232807
233033

Canada  

Service after NS church fire

Scores of people clad in white gathered Sunday for a healing service in a community gym across the street from a fire-ravaged historic church just outside Halifax.

The service was originally scheduled to take place in St. Thomas Baptist Church in North Preston, N.S., but was moved after a blaze tore through the sanctuary last Wednesday.

No one was injured, but the fire left a gaping hole in the roughly century-old building that serves as the social hub for the predominantly black community.

Tony Atuanya, the church's finance officer, said its insurance policy would cover the full cost of damages, and noted there has been a surge in donations in the wake of the fire.

Rev. Wallace Smith told the crowd that the charred structure was just a building, and that the congregation was the actual church. He estimated that on some Sundays, his church receives as many as 600 people.

About one-third of the audience left their seats to hold hands and sway before the choir as it led them through an exultant hymn, punctuated moments of contemplation.

"We don't have to be in church to serve the lord," said church trustee Ernest Simmonds. "We could do it here. We could it at home. We could do it out on the streets."

Simmonds said the damage to the church was significant, but manageable.
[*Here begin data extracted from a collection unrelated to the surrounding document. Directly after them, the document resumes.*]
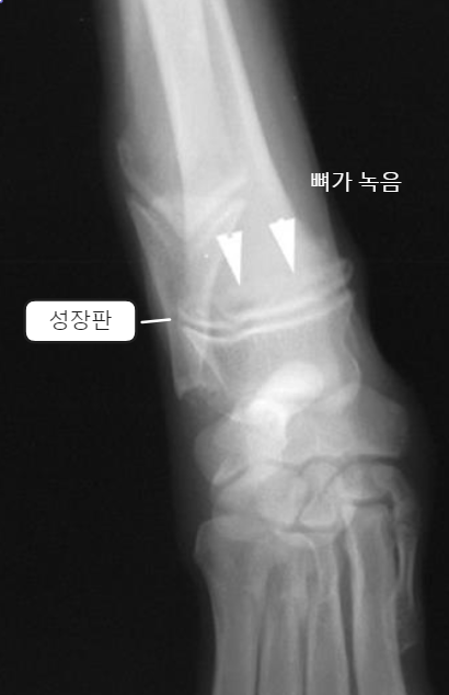 - Physeal line의 손상이 심해 각기형? 등 문제가 될 수 있음.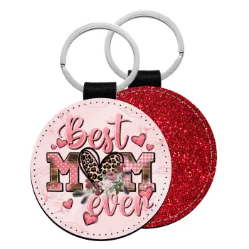 Best mom ever Mother's Day, Μπρελόκ Δερματίνη, στρογγυλό ΚΟΚΚΙΝΟ (5cm)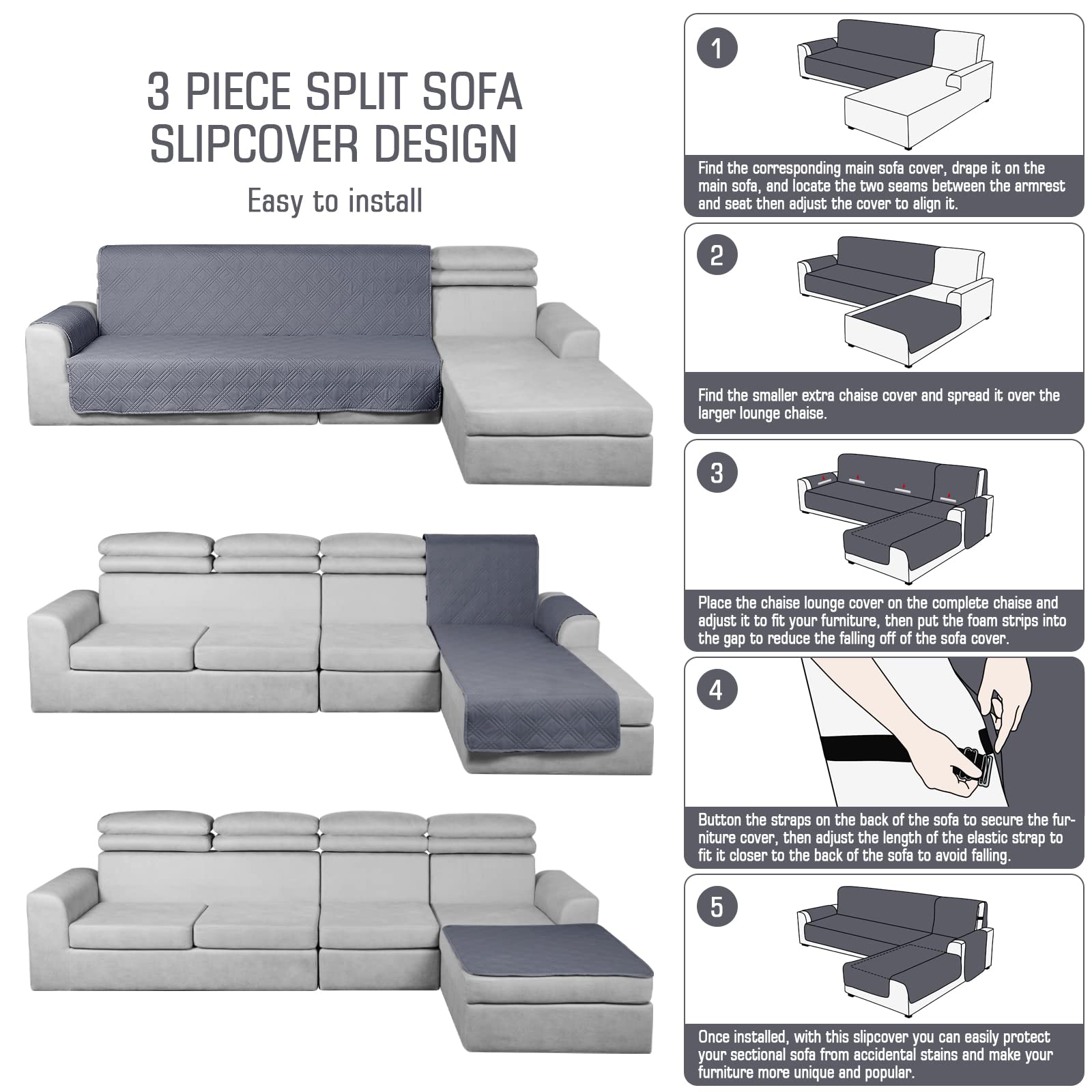 • Perfect fit design: This sectional couch cover is specially designed for your personal sectional/L shaped sofa. It is made up of three pieces, two of which are for the main sofa and lounge chaise. The additional chaise slipcover is designed to cover some of the larger lounge chaise or other uses if needed; Bringing supplementary protection to your new sofa.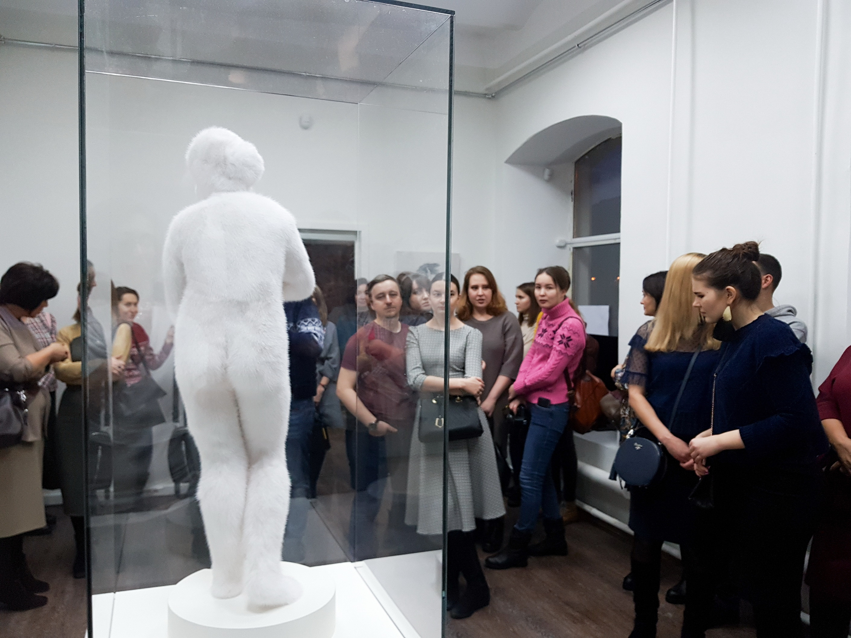 Художница помещает нас в белое пространство своих произведений, в выставочный “белый куб”, в центре которого главный экспонат — “Венера в мехах”, дополняет экспозицию вышивки на плюше “Венера в бегах”, “Нимфа у фонтана ушла” и монументальное живописное полотно “Венера в снегах”. Рафинированность экспозиции отличительная черта всех выставок Наташи –минимальное количество объемных объектов дополнено плоскостными работами. Так было на двух предыдущих выставках: в “Страшных сказках” был представлен “Ленин в зимнем уборе”, “Медвежья земля”, “Вязаный суп”, в “Таёжных сказках” — “Колыбельная”. Наташа постепенно и неспешно знакомит нас с каждым экспонатом, предоставляя возможность обдумать и привыкнуть к её видению.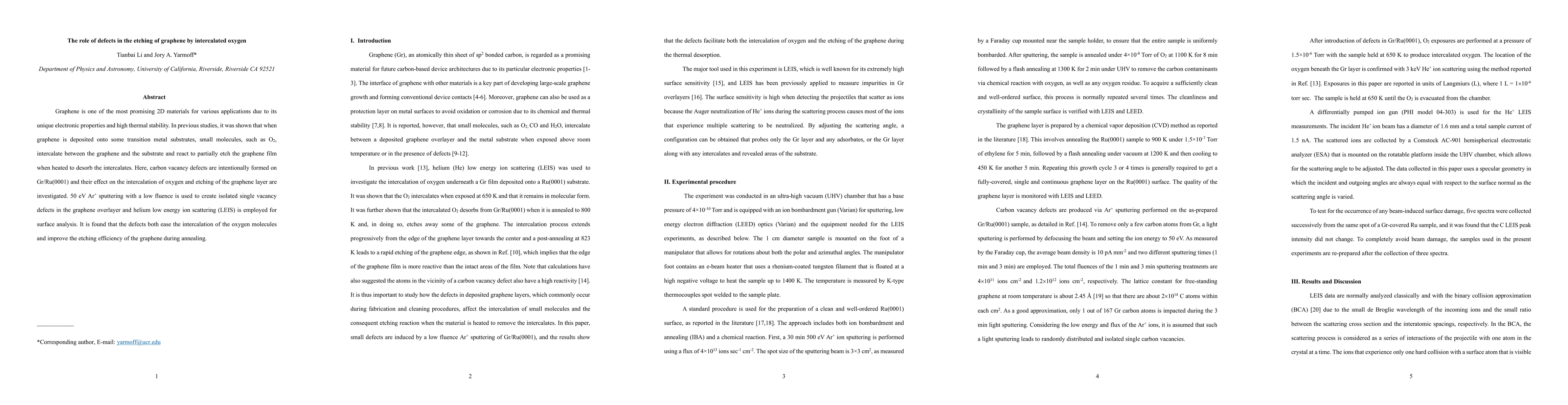 Graphene is one of the most promising 2D materials for various applications due to its unique electronic properties and high thermal stability. In previous studies, it was shown that when graphene is deposited onto some transition metal substrates, small molecules, such as O$_2$, intercalate between the graphene and the substrate and react to partially etch the graphene film when heated to desorb the intercalates. Here, carbon vacancy defects are intentionally formed on Gr/Ru(0001) and their effect on the intercalation of oxygen and etching of the graphene layer are investigated. 50 eV Ar$^+$ sputtering with a low fluence is used to create isolated single vacancy defects in the graphene overlayer and helium low energy ion scattering (LEIS) is employed for surface analysis. It is found that the defects both ease the intercalation of the oxygen molecules and improve the etching efficiency of the graphene during annealing.
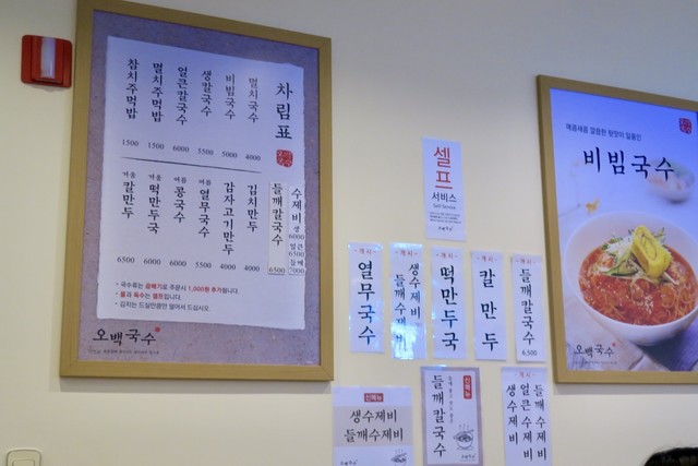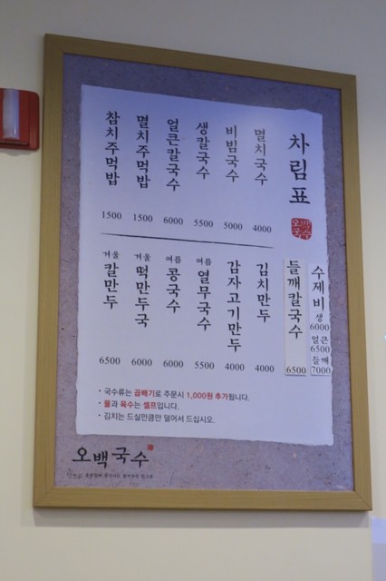 仁川(インチョン)の芸術会館駅(Art Center)近くの食堂「오백국수」(オベククッス)。オベクは数字の500、クッスは麺の意味。「ミョルチクッス(멸치국수)」(4000ウォン)という片口鰯の煮干しダシの汁麺が名物のチェーン店。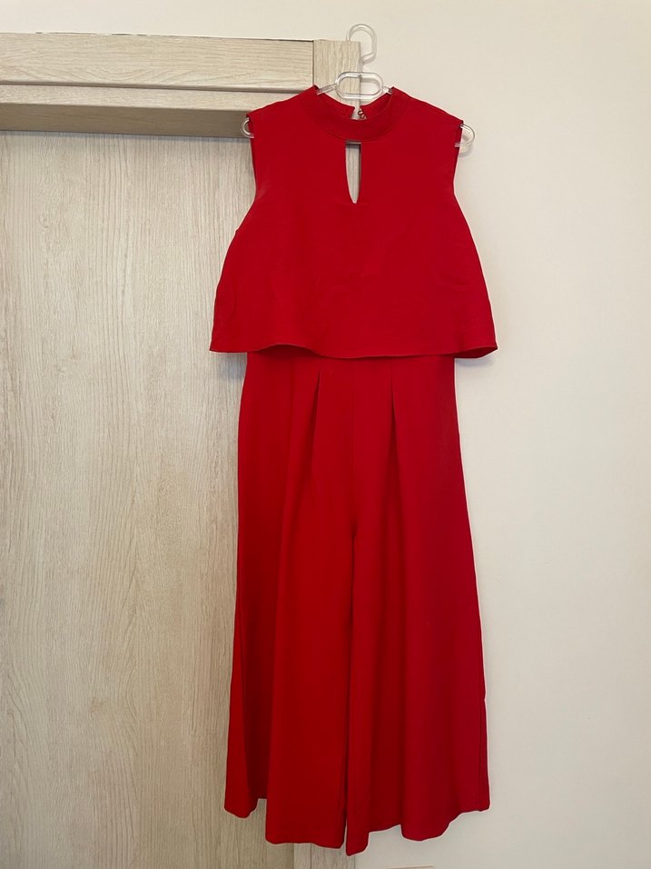Kadınlar için uzun, askısız ve kolsuz tulum. Parlak kırmızı renkte, dökümlü tasarım ve standart kesime sahip. Romantik akşamlar için uygundur. ❤️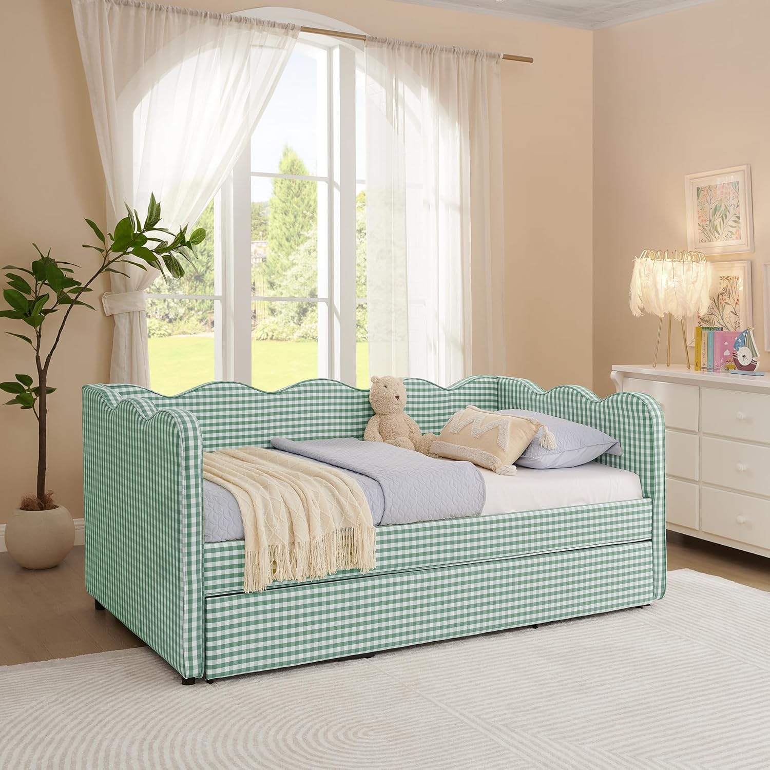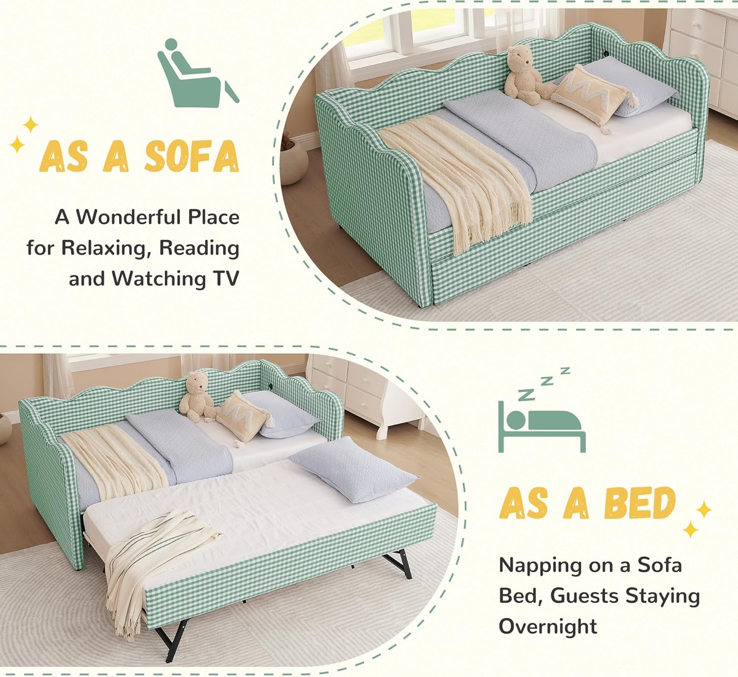 • 【Multifunctional Design】This versatile daybed with pop-up trundle effortlessly transitions between sofa and bed. Ideal for extra daytime seating or transforming into a comfortable guest bed, it adapts to diverse needs—making it a perfect space-saving solution for living rooms, bedrooms, and guest rooms.

The fire marshal has deemed the fire to be the result of an engineering problem involving a faulty motor, he told the congregation.

Colter Simmonds said he has been a member of the church for decades, but Sunday's service was the first he had attended in a year.

"I watched (the church) on fire, and I started thinking about ... the state of the community, and knowing that the church was the foundation that we all grew up on," he said.

"It could have been lost and gone, and I just felt I needed to be there to support it."